**Records for this exercise**
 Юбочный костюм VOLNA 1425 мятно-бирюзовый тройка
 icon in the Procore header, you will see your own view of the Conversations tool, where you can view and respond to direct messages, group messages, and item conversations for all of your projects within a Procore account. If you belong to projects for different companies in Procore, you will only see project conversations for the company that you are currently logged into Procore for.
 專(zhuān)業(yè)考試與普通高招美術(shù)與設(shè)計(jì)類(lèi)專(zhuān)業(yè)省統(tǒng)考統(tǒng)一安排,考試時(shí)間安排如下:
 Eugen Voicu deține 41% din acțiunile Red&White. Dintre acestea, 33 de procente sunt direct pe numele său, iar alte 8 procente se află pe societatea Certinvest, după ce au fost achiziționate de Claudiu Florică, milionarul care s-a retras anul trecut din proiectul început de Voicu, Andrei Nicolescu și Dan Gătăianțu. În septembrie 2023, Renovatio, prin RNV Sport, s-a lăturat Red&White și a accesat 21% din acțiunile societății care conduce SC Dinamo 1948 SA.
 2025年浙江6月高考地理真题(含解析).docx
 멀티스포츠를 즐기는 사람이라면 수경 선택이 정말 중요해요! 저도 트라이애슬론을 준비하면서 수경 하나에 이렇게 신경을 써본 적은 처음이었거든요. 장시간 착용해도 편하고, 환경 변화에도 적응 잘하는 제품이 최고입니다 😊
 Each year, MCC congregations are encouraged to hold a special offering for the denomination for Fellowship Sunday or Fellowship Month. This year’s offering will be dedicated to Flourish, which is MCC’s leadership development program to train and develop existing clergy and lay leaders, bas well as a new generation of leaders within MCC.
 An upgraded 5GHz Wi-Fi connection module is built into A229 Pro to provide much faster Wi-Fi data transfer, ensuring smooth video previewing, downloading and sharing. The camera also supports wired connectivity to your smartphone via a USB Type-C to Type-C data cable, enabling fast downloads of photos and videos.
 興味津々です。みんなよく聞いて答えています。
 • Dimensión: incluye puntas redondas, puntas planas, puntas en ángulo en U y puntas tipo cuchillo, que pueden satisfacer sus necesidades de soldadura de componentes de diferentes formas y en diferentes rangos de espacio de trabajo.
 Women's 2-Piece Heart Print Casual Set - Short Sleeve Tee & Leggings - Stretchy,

* * *

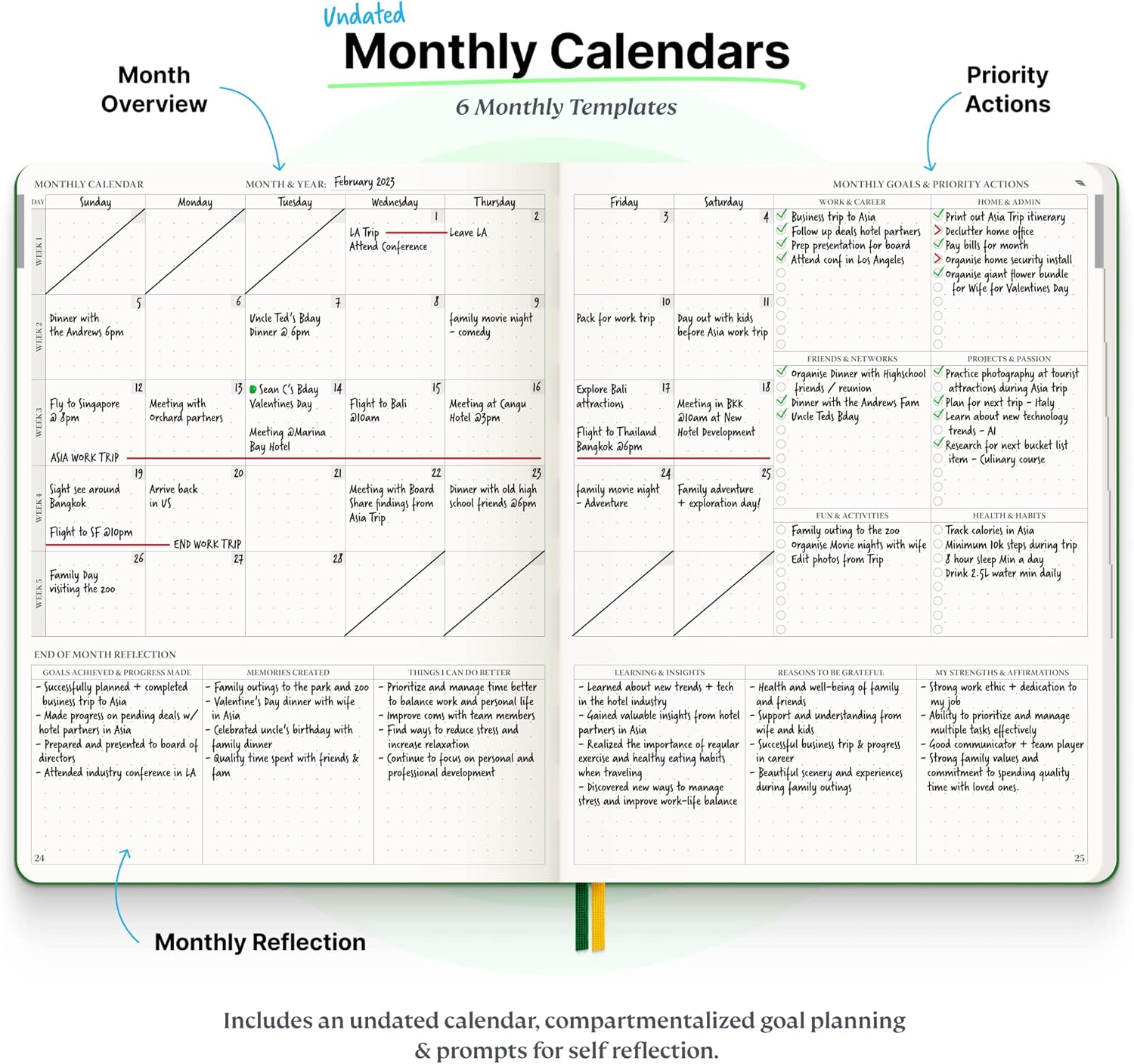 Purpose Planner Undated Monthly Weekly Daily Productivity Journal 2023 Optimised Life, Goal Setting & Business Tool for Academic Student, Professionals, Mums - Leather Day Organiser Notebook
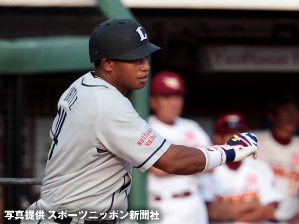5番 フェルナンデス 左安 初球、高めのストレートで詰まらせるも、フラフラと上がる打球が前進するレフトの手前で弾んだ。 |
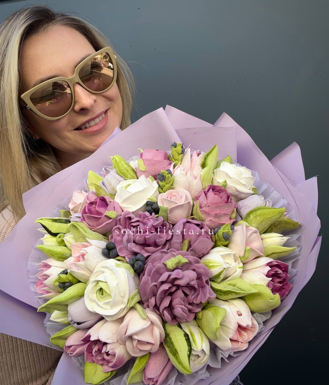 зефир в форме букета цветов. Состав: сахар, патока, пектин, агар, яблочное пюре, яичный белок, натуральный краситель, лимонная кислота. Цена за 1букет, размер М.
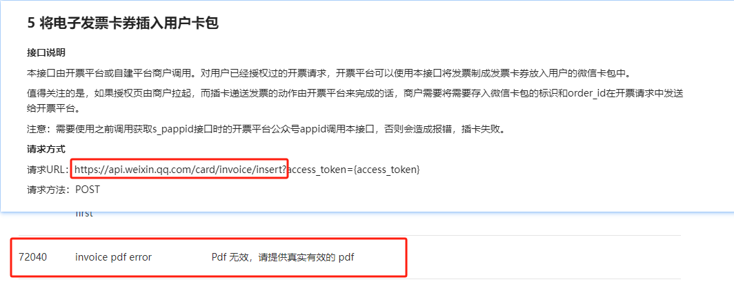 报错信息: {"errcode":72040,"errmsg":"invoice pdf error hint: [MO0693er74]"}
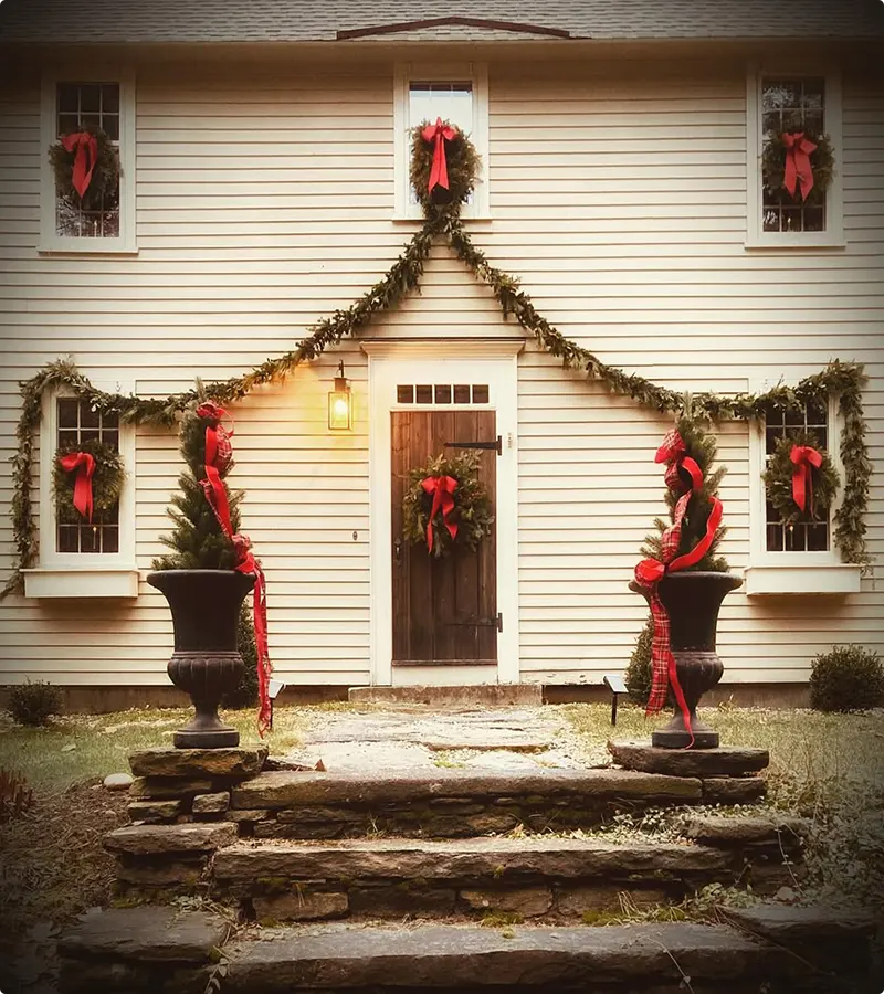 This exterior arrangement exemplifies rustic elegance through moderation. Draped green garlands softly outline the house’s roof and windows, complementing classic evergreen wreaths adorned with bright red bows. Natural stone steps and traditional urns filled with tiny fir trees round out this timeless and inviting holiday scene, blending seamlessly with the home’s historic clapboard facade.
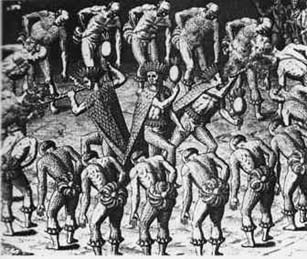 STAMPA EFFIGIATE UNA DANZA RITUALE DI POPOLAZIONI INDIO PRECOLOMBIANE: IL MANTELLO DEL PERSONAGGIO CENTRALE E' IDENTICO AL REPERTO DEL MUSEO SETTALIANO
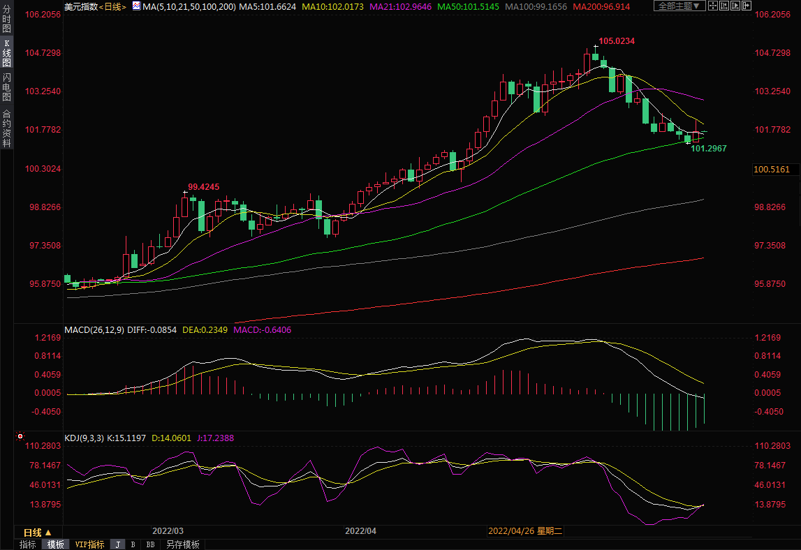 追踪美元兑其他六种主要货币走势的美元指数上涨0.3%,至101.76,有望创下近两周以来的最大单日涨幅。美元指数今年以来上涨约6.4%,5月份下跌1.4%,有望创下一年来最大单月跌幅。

==

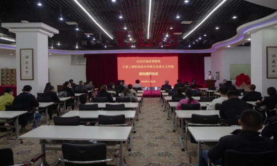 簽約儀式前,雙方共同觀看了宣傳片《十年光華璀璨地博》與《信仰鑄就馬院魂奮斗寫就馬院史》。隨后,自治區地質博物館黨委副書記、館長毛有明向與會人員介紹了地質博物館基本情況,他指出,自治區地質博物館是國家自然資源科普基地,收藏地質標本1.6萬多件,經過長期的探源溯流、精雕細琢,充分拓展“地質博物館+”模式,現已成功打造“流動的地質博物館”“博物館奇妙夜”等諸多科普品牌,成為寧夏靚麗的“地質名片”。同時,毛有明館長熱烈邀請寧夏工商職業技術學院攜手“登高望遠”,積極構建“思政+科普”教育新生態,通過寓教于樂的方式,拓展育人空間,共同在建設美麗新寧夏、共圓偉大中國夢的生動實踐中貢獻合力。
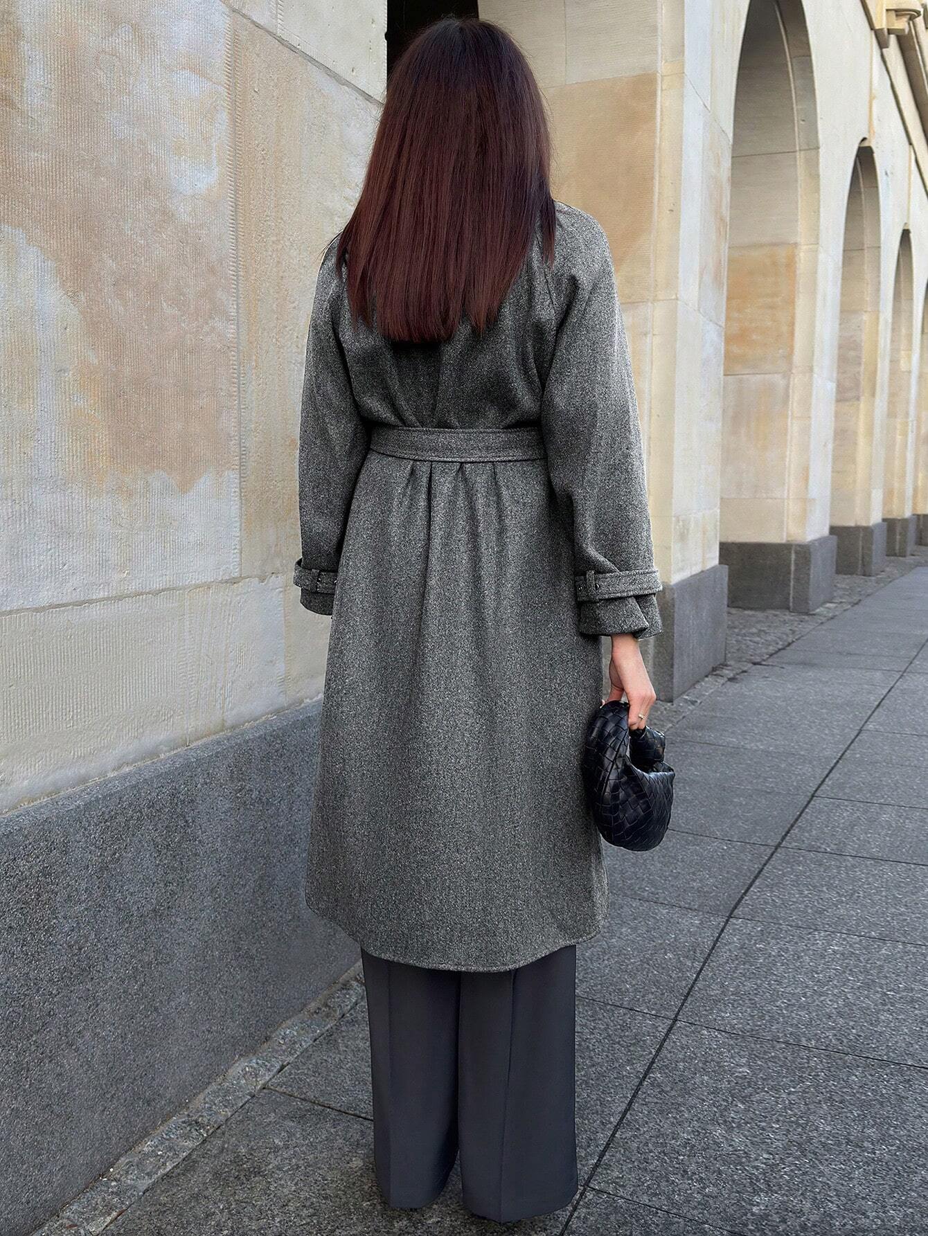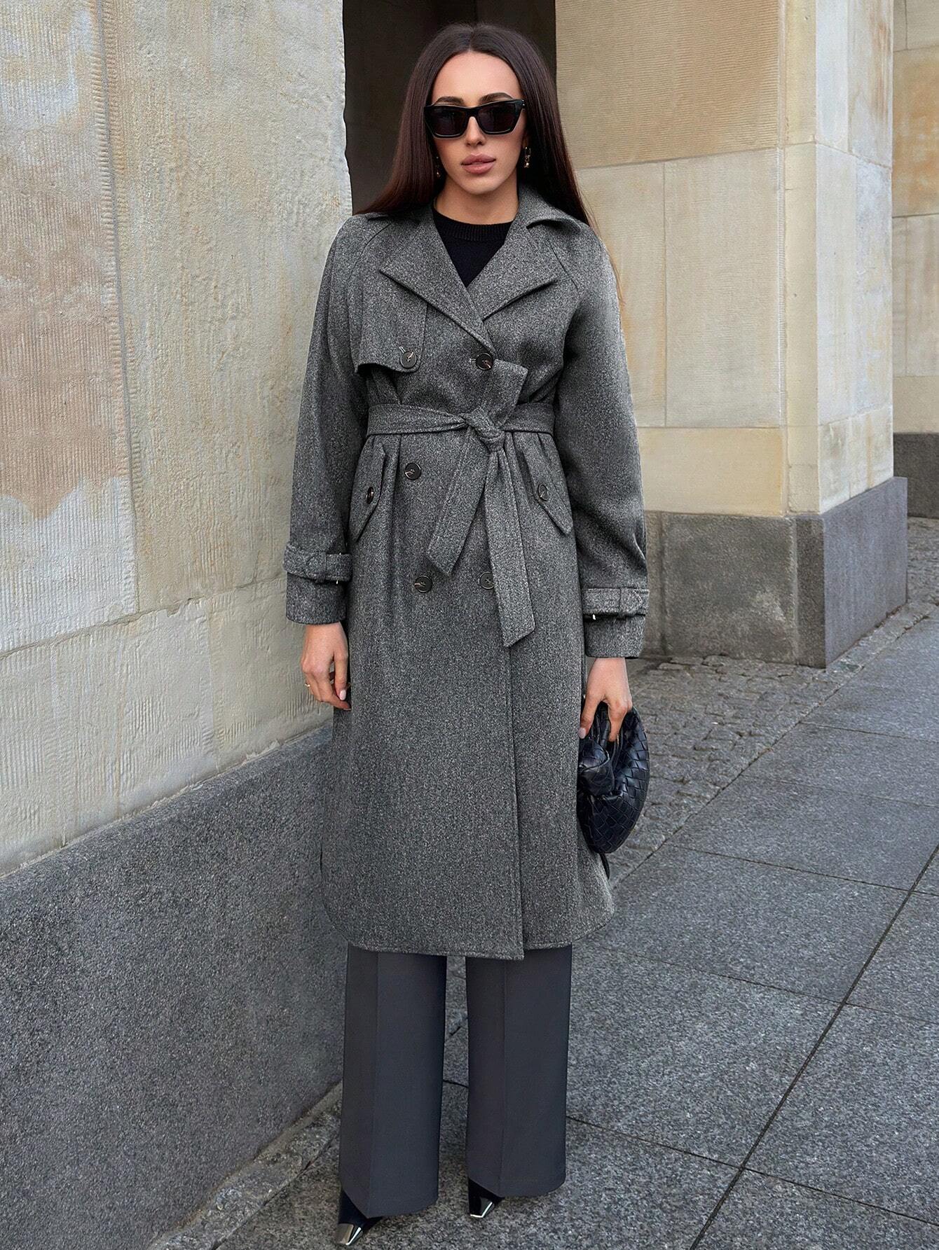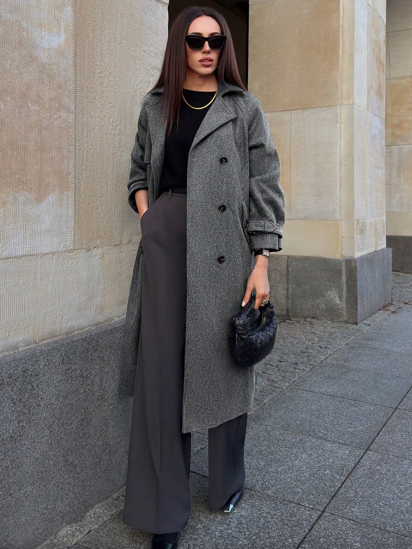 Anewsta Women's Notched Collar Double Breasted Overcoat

**Exercise aim**
Start with the line above that contains "Юбочный костюм VOLNA" and stop after the line that contains "Each year, MCC". Output those lines exactly, and only those.

**Response area**
 Юбочный костюм VOLNA 1425 мятно-бирюзовый тройка
 icon in the Procore header, you will see your own view of the Conversations tool, where you can view and respond to direct messages, group messages, and item conversations for all of your projects within a Procore account. If you belong to projects for different companies in Procore, you will only see project conversations for the company that you are currently logged into Procore for.
 專(zhuān)業(yè)考試與普通高招美術(shù)與設(shè)計(jì)類(lèi)專(zhuān)業(yè)省統(tǒng)考統(tǒng)一安排,考試時(shí)間安排如下:
 Eugen Voicu deține 41% din acțiunile Red&White. Dintre acestea, 33 de procente sunt direct pe numele său, iar alte 8 procente se află pe societatea Certinvest, după ce au fost achiziționate de Claudiu Florică, milionarul care s-a retras anul trecut din proiectul început de Voicu, Andrei Nicolescu și Dan Gătăianțu. În septembrie 2023, Renovatio, prin RNV Sport, s-a lăturat Red&White și a accesat 21% din acțiunile societății care conduce SC Dinamo 1948 SA.
 2025年浙江6月高考地理真题(含解析).docx
 멀티스포츠를 즐기는 사람이라면 수경 선택이 정말 중요해요! 저도 트라이애슬론을 준비하면서 수경 하나에 이렇게 신경을 써본 적은 처음이었거든요. 장시간 착용해도 편하고, 환경 변화에도 적응 잘하는 제품이 최고입니다 😊
 Each year, MCC congregations are encouraged to hold a special offering for the denomination for Fellowship Sunday or Fellowship Month. This year’s offering will be dedicated to Flourish, which is MCC’s leadership development program to train and develop existing clergy and lay leaders, bas well as a new generation of leaders within MCC.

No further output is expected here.